Toddler-LLM (fully pre-trained on CHILDES)
Overview
- Model name: Toddler-LLM
- Type: Decoder-only small LM for toddler-like dialogue
- Status: Fully pre-trained from scratch on child-directed speech, then SFT + GRPO
- Primary language: English
- Target behavior: Coherent, short, child-like responses (approx. 2–3 years old)
- Parameter count: ~155M (see config below)
- Intended domain: Parent–child conversational exchanges
Model architecture
- hidden_size: 672
- intermediate_size: 1809
- num_hidden_layers: 31
- num_attention_heads: 12
- num_key_value_heads: 4
- max_position_embeddings: 256
- vocab_size: 8192
- lower-case-only tokenizer
- tie_word_embeddings: true
- rope_theta: 10000.0
- max input length: 256 tokens
Training data
- Source: CHILDES (filtered, English-only)

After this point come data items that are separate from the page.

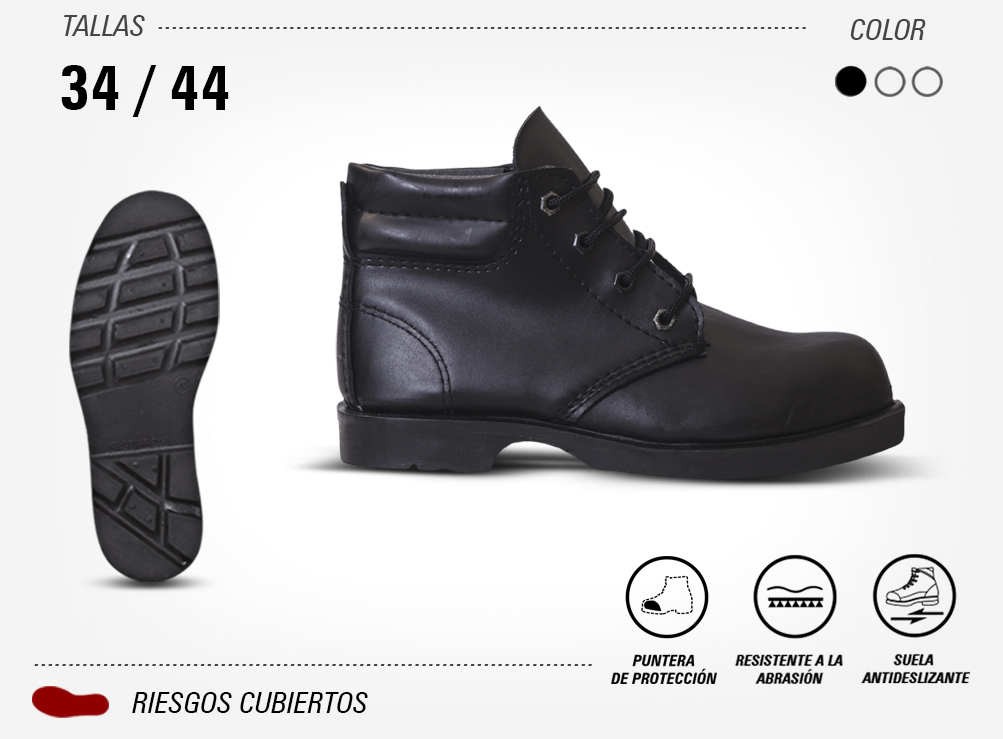 BOTÍN SEGURIDAD es fabricado en cuero liso calibre 18-20, con puntera de acero y suela en caucho vulcanizado al corte. Ideal para trabajo de obras viales y construcción, dando comodidad y resistencia a la abrasión.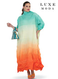 Capture a vibrant and sculptural presence in this flowing maxi dress that balances an artisanal gradient effect with a dynamic pleated texture. The design engages the eye with a luminous ombre transition, cascading from soft pastel tones into deep, concentrated hues at the uniquely pointed hemline. Relaxed sleeves and a structured high neckline provide a composed frame for the voluminous silhouette, allowing you to elevate your daily rotation with unfailing ease. Available in spirited celery-green, romantic pink-plum, or a refreshing mint-orange combination, this piece distinguishes your wardrobe for any contemporary social occasion.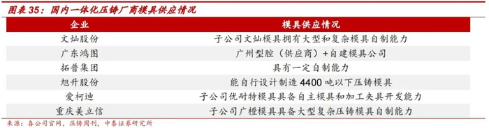 · 模具:Tier1压铸厂商重视大型模具对一体化压铸生产的配套

- Approx. 14M tokens after filtering
- Pretraining exclusively on child-directed speech (no large-scale adult corpora)
- Data filtering (for downstream SFT/GRPO): caregiver utterance clarity via RM-4 to select top 10% “helpful” caregiver prompts; coherence scoring for child utterances via RM-2
Training procedure
- Stage 1: Pre-training
- Library: Nanotron
- Objective: next-token prediction
- Steps: 25,000 (~64 epochs)
- Peak learning rate: 0.0025
- Loss convergence: just above 1.0
- Stage 2: Chat SFT
- Adapted to SmolLM2 Instruct chat template and special tokens
- Library: unsloth (response-only SFT)
- Curriculum on increasingly higher-quality subsets (by RM-2 and RM-4):
- Top 10%: LR 9e-4, 2 epochs
- Top 5%: LR 8e-4, 14 epochs
- Top 2.5%: LR 7e-4, 7 epochs
- Top 1.25%: LR 6e-4, 3 epochs
- Reached stable response coherence around loss ≈ 0.45
- Stage 3: GRPO optimization
- GRPO learning rate: 1e-5
- LoRA rank doubled vs. Step 1 (rank=128); target modules: [q,k,v,o,gate,up,down]
- Steps: 1000
- Reward weights: RM-1 (1.0), RM-2 (0.2), RM-3 (0.5)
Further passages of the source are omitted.